7556 Ritchie Hwy., Glen Burnie | 410-590-1616
Uniformed servers gave us a warm welcome at this Glen Burnie gem, which features a festive dining room embellished with adobe roof archways, Talavera-tiled tables, and Aztec-printed furniture. We started off with a tart margarita and basket of warm tortilla chips accompanied by house salsa poured from a mini carafe. The multi-page menu lists tacos topped with carne asada, tilapia, and braised pork. We opted for a hefty portion of grilled chicken and tender shrimp with marinated veggies in soft flour tortillas, and were pleasantly surprised by the speedy service. Talk about short and sweet.

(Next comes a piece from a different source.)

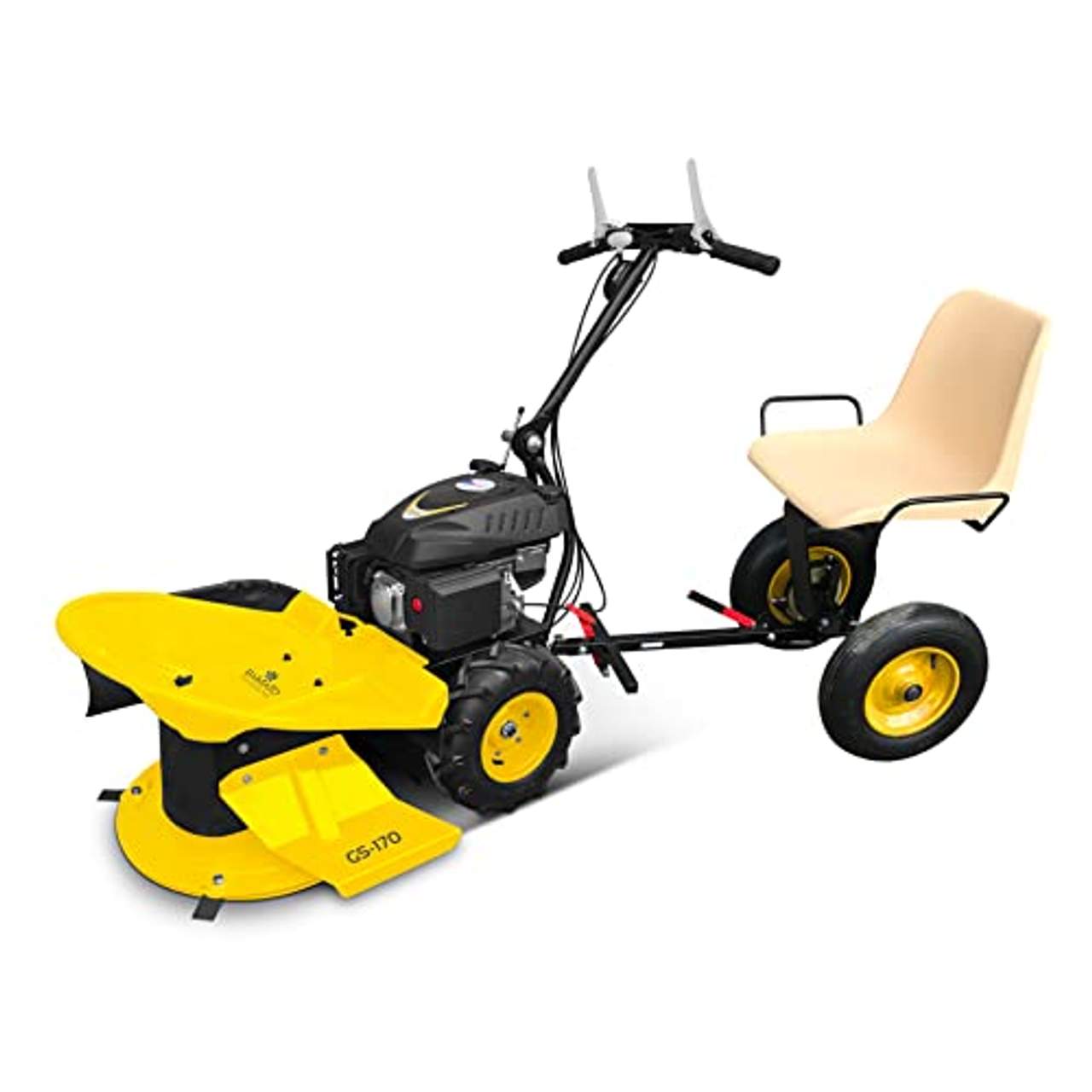 BAMATO Hochgrasschneider Kreiselmäher GS-170Der Hochgrasmäher GS-170 ist mit einem kraftvollen RATO R225 Motor ausgestattet und eignet sich deshalb optimal zum Mähen von hohen Rasenbeständen, Unkraut oder Gestrüpp.Im Vergleich zum herkömmlichen Balkenmäher gibt es bei einem Hochgrasmäher KEIN verstopfen oder rupfen des Schnittgutes.Durch die 4 beweglichen Messer erhalten Sie ein sauberes Schnittbild. Bei Hindernissen wie Steinen klappen die Messer einfach nach Innen.Ausgestattet ist der GS-170 mit einem seitlichem Grasabweiser, welcher das Schnittgut seitlich auf Schwad ablegt.Beim Bedienkomfort kann der Hochgrasmäher ebenfalls durch den höhenverstellbaren Lenkholm punkten, welcher auch schnell und ohne Werkzeug für den Transport zum Beispiel ein einem Auto eingeklappt werden kann.Reifen mit Ackerprofil sorgen auch im Gelände für einfaches Handling.Der Hochgrasschneider ist ein Qualitätsprodukt Made in Europa fahrbarer Sitz:Ausgestattet mit groß dimensionierten Reifen, optimal für unwegsames GeländeEinfach und schnelle Montage am HochgrasmäherHand- und Fußbremse sorgen für zusätzlichen KomfortQualitätsprodukt Made in Europa

2907 O’Donnell St. | 410-675-0898
It’s no surprise this Mexican mainstay has lasted as long as it has (23 years). Filled with local memorabilia, velvet Elvis paintings, and the hallowed hubcap margarita, it’s as quintessentially quirky as old-school Baltimore. Sure, the food is more North American than South, but after a First Thursday concert or Canton Square bar crawl, its “truck tacos” are the perfect way to soak up the suds at the end of the night. Order the chorizo sausage to get just enough grease to curb that hangover. It’s served with a flutter of mixed greens to make yourself believe you weren’t that bad. We’d order it just for the comforting sides of spicy refried beans and herbaceous green rice. Just avoid the waterfall of queso dip at all cost or you’ll hate yourself in the morning.
NO WAY JOSE
38 E. Cross St. | 410-752-2837
A party hangout in Federal Hill, No Way Jose does have some cheesy sombrero logos and frequent day-drunk revelers. But the food tells a different tale. There are plenty of options for tacos including the standard grilled chicken, steak, or fish. But we opted for the more authentic al pastor with two corn tortillas, pineapple, chili-marinated pork, onion, cilantro, and radish. The side of avocado salsa was flavorful, but not necessary, as just a squeeze of lime did the trick. On the other end of the spectrum are Jose’s “original tacos”—hard-shell tortillas with ground beef, tomato, lettuce, and shredded cheese. Just like the at-home Old El Paso meals of our youth but with way better seasoning. (Sorry, Ma.)